▸ **Goal of the exercise**: Your task is to transcribe all of the data below exactly, omitting the images.

(Items from a dataset)
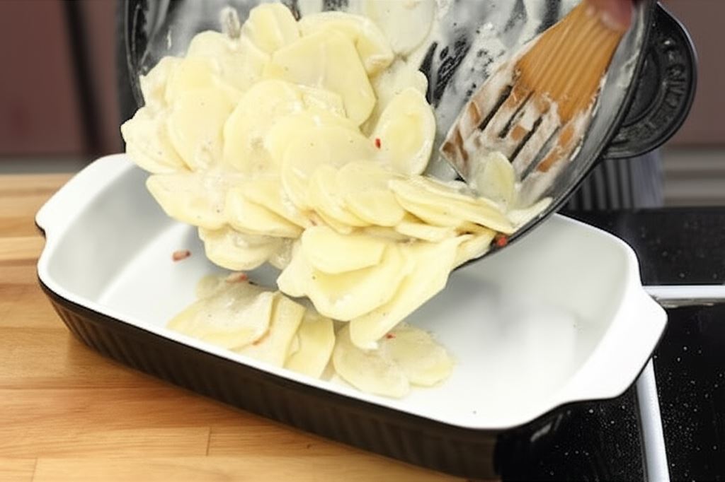 Wlej śmietanę, całość podgrzewaj 1 minutę. Przypraw do smaku gałką oraz odrobiną pieprzu i soli. Ziemniaki umieść na spodzie żaroodpornego naczynia, dociskając starannie.
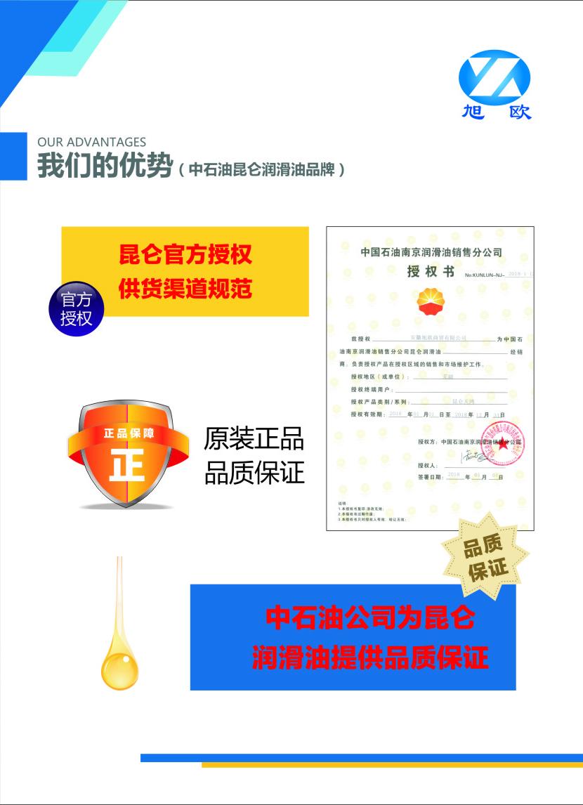 安徽旭欧商贸有限公司成立于2013年,是一家专业从事品牌润滑油销售和技术服务的公司。旭欧公司业务主要分三个方面:一、工业设备润滑与服务,二、汽车用油包括发动机油、变速箱油等;三、内河及近海中小型船舶用油。旭欧公司是德国德润宝特种润滑剂、中石油昆仑润滑油及上海涵麟润滑油的官方授权战略合作伙伴。
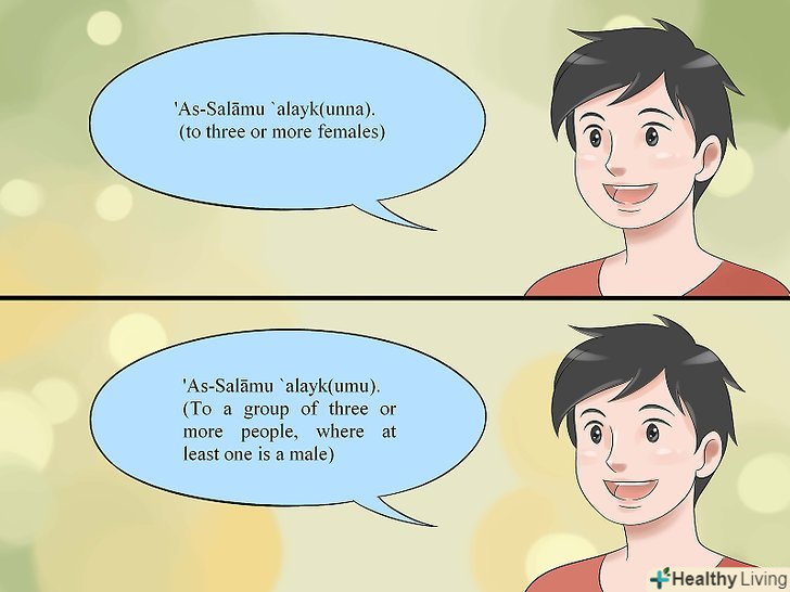Не забувайте про відмінність у вітанні чоловіка або жінки.через граматичні правила арабської мови це стає трохи скрутним. Є різні вимови привітань: для однієї жінки, для одного чоловіка, для групи чоловіків, двох жінок, двох чоловіків і т. д.
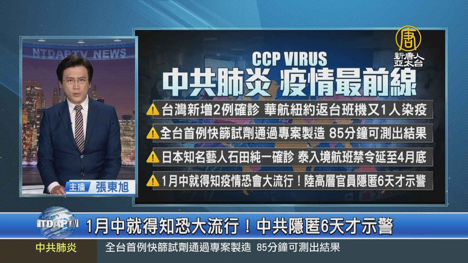 新聞一開始,先來瀏覽今日疫情重點:台灣新增2例境外移入確診,華航紐約返台班機又1人染疫。全台灣首例快篩試劑,通過專案製造, 85分鐘,就可測出結果。日本藝人石田純一確診。泰國入境航班禁令,將延至4月底。美聯社披露,中共官員1/14就已經知道疫情嚴重,卻隱匿了6天才示警。 //asset3.ntdtv.com.tw/public/uploads/assets/2020/04/15/2020-04-15-5e96f98da5a3b.mp4 中共肺炎|武漢肺炎|疫情|防疫|中共病毒|新型冠狀病毒2020-04-15 20:06:47
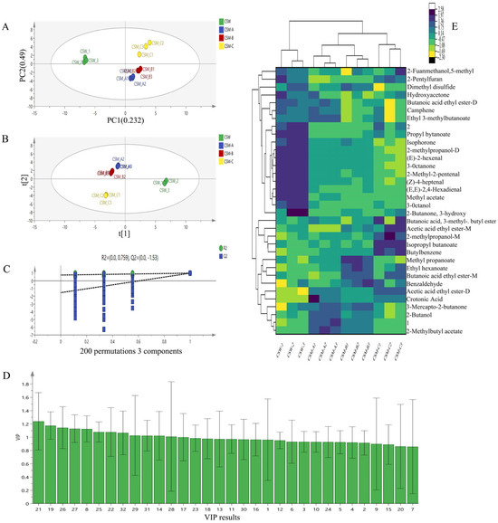 PCA analysis (A), PLS-DA score plot (B), confidence test results (C), VIP value distribution of volatile substances (D), and cluster heatmap analysis (E).
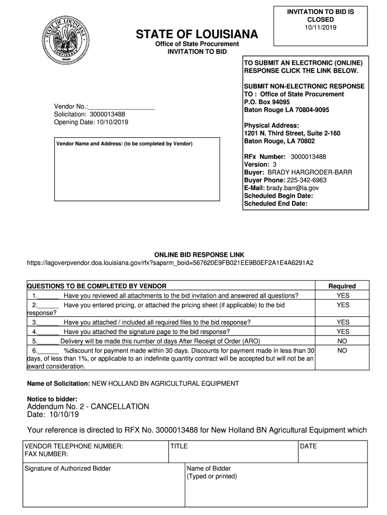 STATE OF LOUISIANAINVITATION TO BID IS CLOSED 10/11/2019Office of State Procurement INVITATION TO BID TO SUBMIT AN ELECTRONIC (ONLINE) RESPONSE CLICK THE LINK BELOW. SUBMIT NONELECTRIC RESPONSE TO
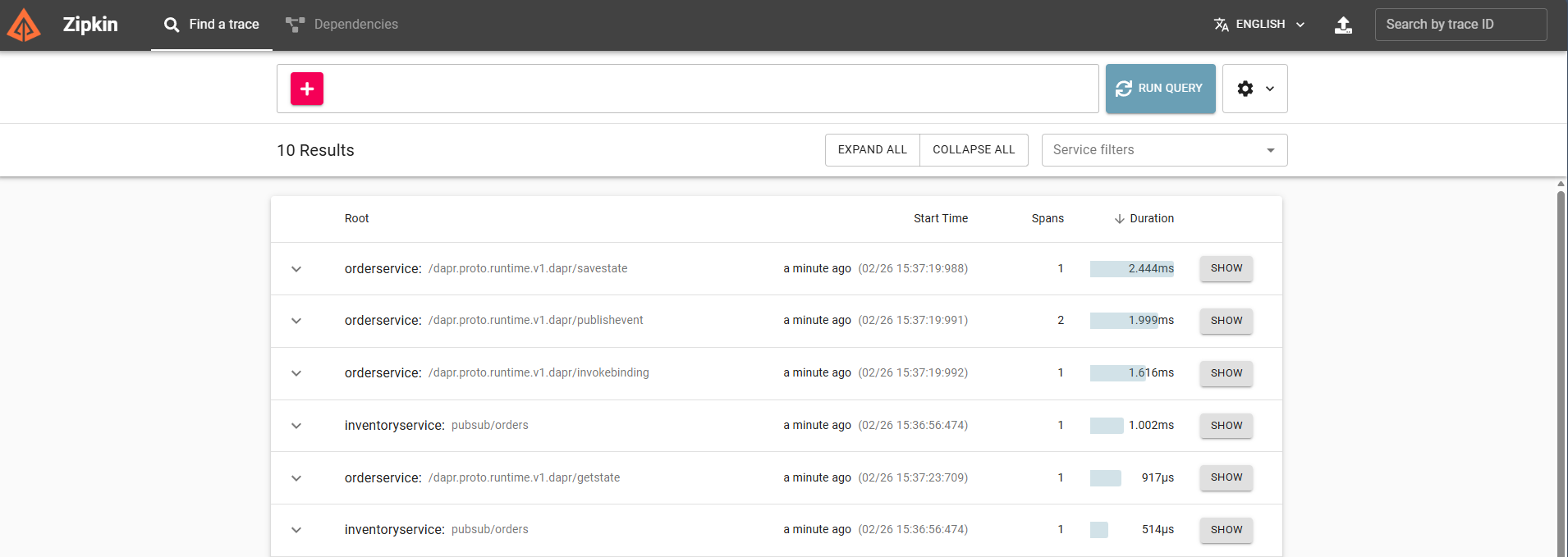 As soon as you send a request through your service, Zipkin will show a trace containing:
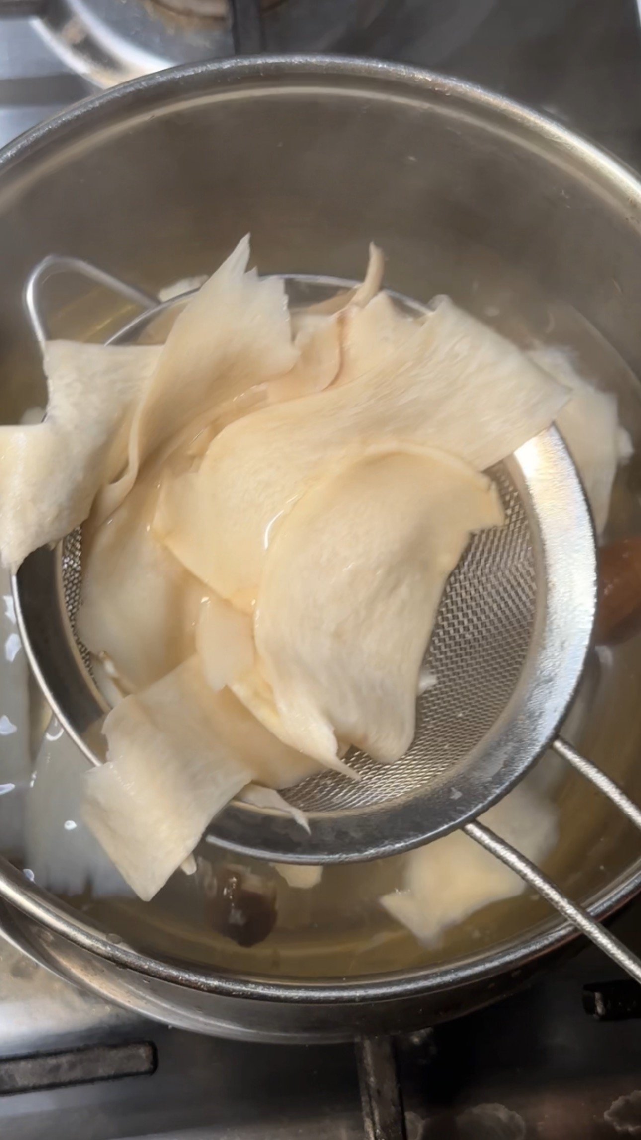 In this recipe, the mushrooms are first sliced thin using either a knife or a peeler. This step creates wide, flexible pieces that wrap easily around the skewers. Then, they are briefly boiled. This softens the mushrooms and removes excess moisture, helping them cook evenly later.
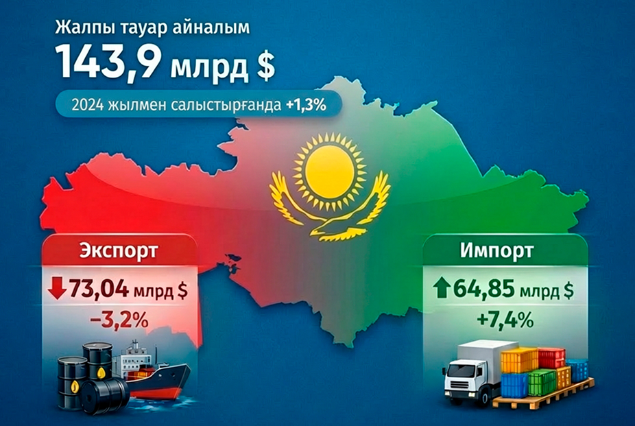 2025 жылдың қорытындысы бойынша Қазақстандағы тауарайналым 143,9 млрд АҚШ долларына жетіп, былтырмен салыстырғанда 1,3% артты. Жалпы сыртқы сауда көлемі ұлғайғанымен, экспорт 3,2%-ға төмендеп, 73,04 млрд АҚШ долларын құрады. Ал импорт қарқыны, керісінше, жоғарылап 7,4%-ға өсіп, 64,85 млрд АҚШ долларына жетті. Соған қарамастан, сауда балансының оң сальдосы 14,2 млрд АҚШ доллары деңгейінде қалды.
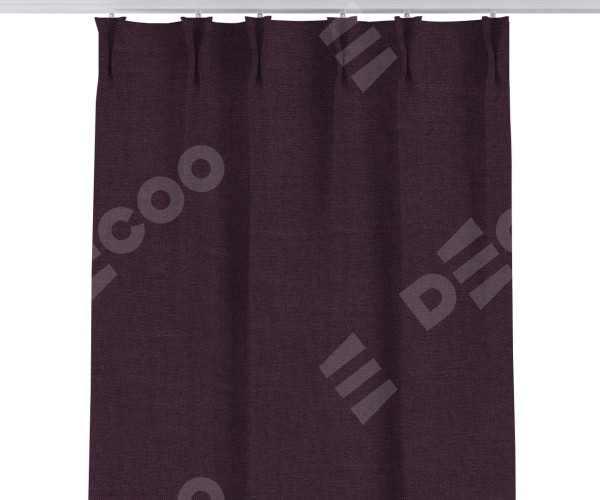 Комплект прямых штор, от производителя «Cortin», пошиты из ткани лён димаут фиолетовый, артикул ткани 16267. С изнаночной стороны в верхней части штор пристрачивается шторная лента с декоративными складками «Кустик». Для создания элегантных складок прямые шторы шьются по стандарту с коэффициентом 1:2 (на 100 см. ширины проёма 200 см. ширины ткани).
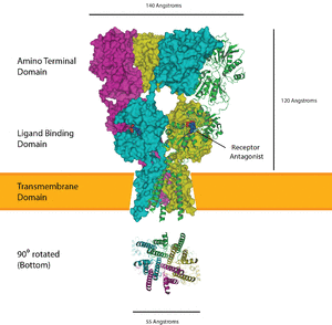 Glutamate receptors are present on the postsynaptic terminal – the two types include ionotropic AMPA- and NMDA receptors. As an excitatory neurotransmitter, glutamate almost always causes an action potential to be triggered on the postsynaptic side – further encouraged by low internal sodium of the principal neurons.[11] In the mature calyx, the AMPA receptors are concentrated on the principal neuron as to localize the transmission for greater action potential probability. Also note, the NMDA-type glutamate receptors contributions decrease after the onset of hearing.[11]
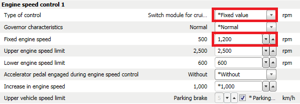With this function, the engine speed can be increased to a preset value with different conditions, for example with a power take-off engaged, as shown in the example below.

▸ **Solved exercise**:
 Wlej śmietanę, całość podgrzewaj 1 minutę. Przypraw do smaku gałką oraz odrobiną pieprzu i soli. Ziemniaki umieść na spodzie żaroodpornego naczynia, dociskając starannie.
 安徽旭欧商贸有限公司成立于2013年,是一家专业从事品牌润滑油销售和技术服务的公司。旭欧公司业务主要分三个方面:一、工业设备润滑与服务,二、汽车用油包括发动机油、变速箱油等;三、内河及近海中小型船舶用油。旭欧公司是德国德润宝特种润滑剂、中石油昆仑润滑油及上海涵麟润滑油的官方授权战略合作伙伴。
Не забувайте про відмінність у вітанні чоловіка або жінки.через граматичні правила арабської мови це стає трохи скрутним. Є різні вимови привітань: для однієї жінки, для одного чоловіка, для групи чоловіків, двох жінок, двох чоловіків і т. д.
 新聞一開始,先來瀏覽今日疫情重點:台灣新增2例境外移入確診,華航紐約返台班機又1人染疫。全台灣首例快篩試劑,通過專案製造, 85分鐘,就可測出結果。日本藝人石田純一確診。泰國入境航班禁令,將延至4月底。美聯社披露,中共官員1/14就已經知道疫情嚴重,卻隱匿了6天才示警。 //asset3.ntdtv.com.tw/public/uploads/assets/2020/04/15/2020-04-15-5e96f98da5a3b.mp4 中共肺炎|武漢肺炎|疫情|防疫|中共病毒|新型冠狀病毒2020-04-15 20:06:47
 PCA analysis (A), PLS-DA score plot (B), confidence test results (C), VIP value distribution of volatile substances (D), and cluster heatmap analysis (E).
 STATE OF LOUISIANAINVITATION TO BID IS CLOSED 10/11/2019Office of State Procurement INVITATION TO BID TO SUBMIT AN ELECTRONIC (ONLINE) RESPONSE CLICK THE LINK BELOW. SUBMIT NONELECTRIC RESPONSE TO
 As soon as you send a request through your service, Zipkin will show a trace containing:
 In this recipe, the mushrooms are first sliced thin using either a knife or a peeler. This step creates wide, flexible pieces that wrap easily around the skewers. Then, they are briefly boiled. This softens the mushrooms and removes excess moisture, helping them cook evenly later.
 2025 жылдың қорытындысы бойынша Қазақстандағы тауарайналым 143,9 млрд АҚШ долларына жетіп, былтырмен салыстырғанда 1,3% артты. Жалпы сыртқы сауда көлемі ұлғайғанымен, экспорт 3,2%-ға төмендеп, 73,04 млрд АҚШ долларын құрады. Ал импорт қарқыны, керісінше, жоғарылап 7,4%-ға өсіп, 64,85 млрд АҚШ долларына жетті. Соған қарамастан, сауда балансының оң сальдосы 14,2 млрд АҚШ доллары деңгейінде қалды.
 Комплект прямых штор, от производителя «Cortin», пошиты из ткани лён димаут фиолетовый, артикул ткани 16267. С изнаночной стороны в верхней части штор пристрачивается шторная лента с декоративными складками «Кустик». Для создания элегантных складок прямые шторы шьются по стандарту с коэффициентом 1:2 (на 100 см. ширины проёма 200 см. ширины ткани).
 Glutamate receptors are present on the postsynaptic terminal – the two types include ionotropic AMPA- and NMDA receptors. As an excitatory neurotransmitter, glutamate almost always causes an action potential to be triggered on the postsynaptic side – further encouraged by low internal sodium of the principal neurons.[11] In the mature calyx, the AMPA receptors are concentrated on the principal neuron as to localize the transmission for greater action potential probability. Also note, the NMDA-type glutamate receptors contributions decrease after the onset of hearing.[11]
With this function, the engine speed can be increased to a preset value with different conditions, for example with a power take-off engaged, as shown in the example below.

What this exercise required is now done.